In general, the DEER spectra of the triply labelled mutants showed several peaks that were broader than in the doubly labelled mutants. In order to identify the interdomain distance of interest, the peaks corresponding to the other distances were assigned. The FnIII-4 intradomain distances (underlined values in Fig. 6[link]) were estimated by modelling the conformation of the probes with MMM using the crystal structure of FnIII-4. The inter-domain distances involving C1608 (values in square boxes in Fig. 6[link]) could be identified from the measurements of double-labelled mutants. By exclusion, the remaining peaks could be assigned to new interdomain distance distributions (values surrounded by circles in Fig. 6[link]). Whenever two or more peaks were assigned to the interdomain distance not involving C1608, an average value for the distance was taken for the structure modelling.
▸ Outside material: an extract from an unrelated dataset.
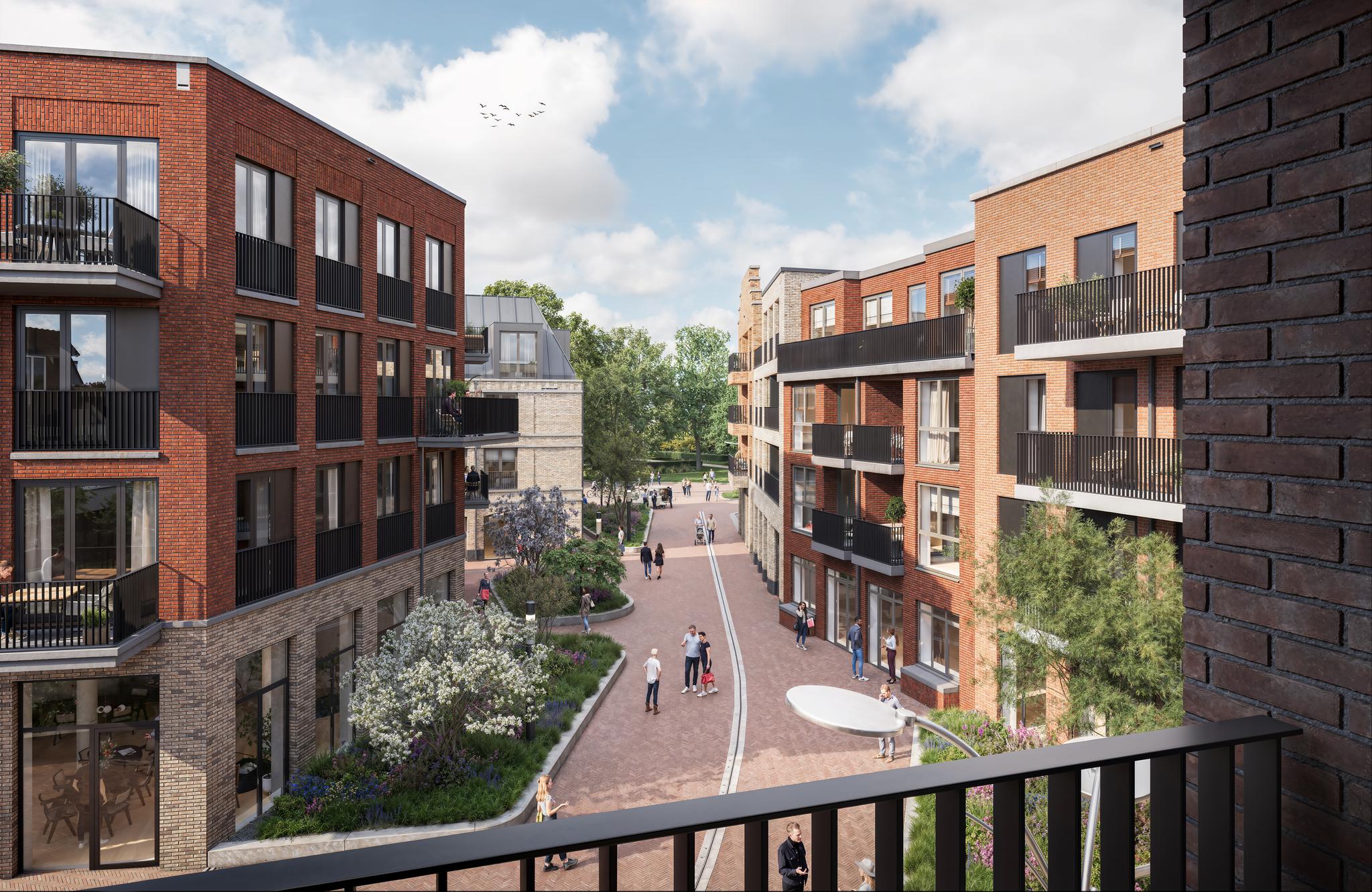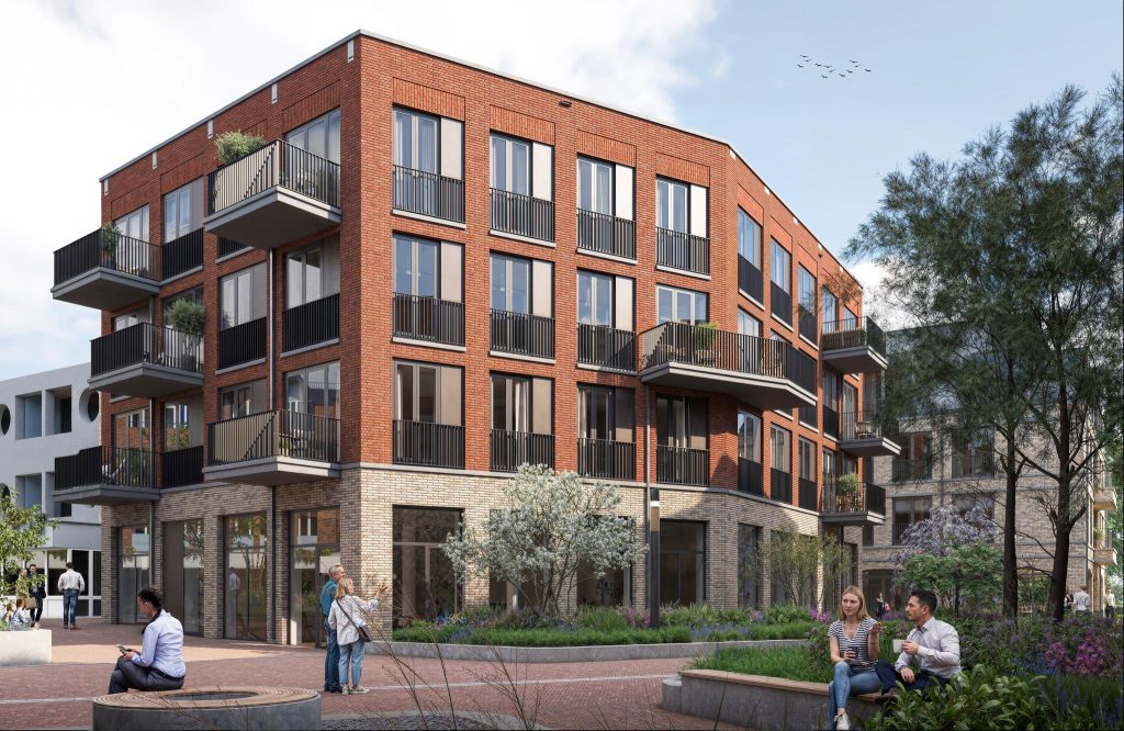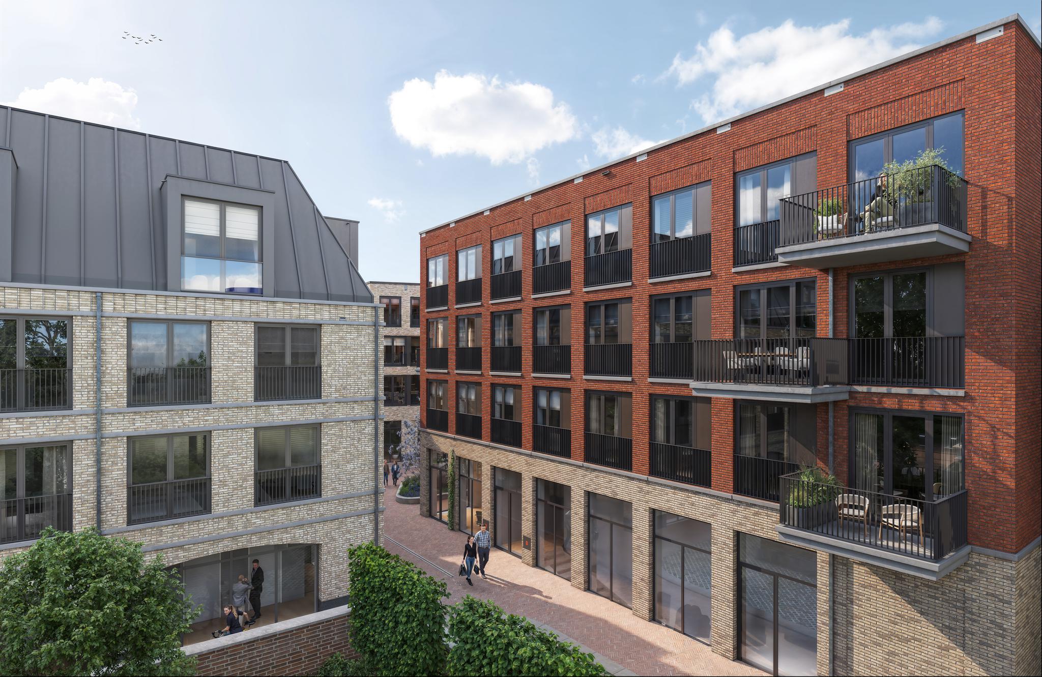 Aan het groene binnenplein is het een komen en gaan van mensen. Hier staat De Barones, een stoer gebouw met 15 appartementen dat rust en klasse uitstraalt. Het pand heeft een dynamische vorm en wat opvalt is het contrast tussen de lichte plint en de warme kleur metselwerk daarboven. Daarbij is de setting rondom dit nieuwe woongebouw helemaal gericht op ontspannen en ontmoeten en vind je alle voorzieningen vlakbij!

Peaks in the DEER inter-spin distance distributions of the eight triply labelled mutants were assigned to pairs of labelling positions as follows. The inter-spin distance distribution of the L1497C/N1598C/C1608 mutant shows three peaks at ∼14, ∼30 and ∼37 Å. Modelling of MTSL at 1598–1608 within FnIII-4 predicts a bimodal inter-spin distance at 27 and 34 Å, which is likely to correspond to the observed peak centred at 30 Å. The experimentally observed distance between the 1497–1608 pair was 37 Å. Hence, the distance peak at ∼14 Å was assigned to the 1497–1598 pair.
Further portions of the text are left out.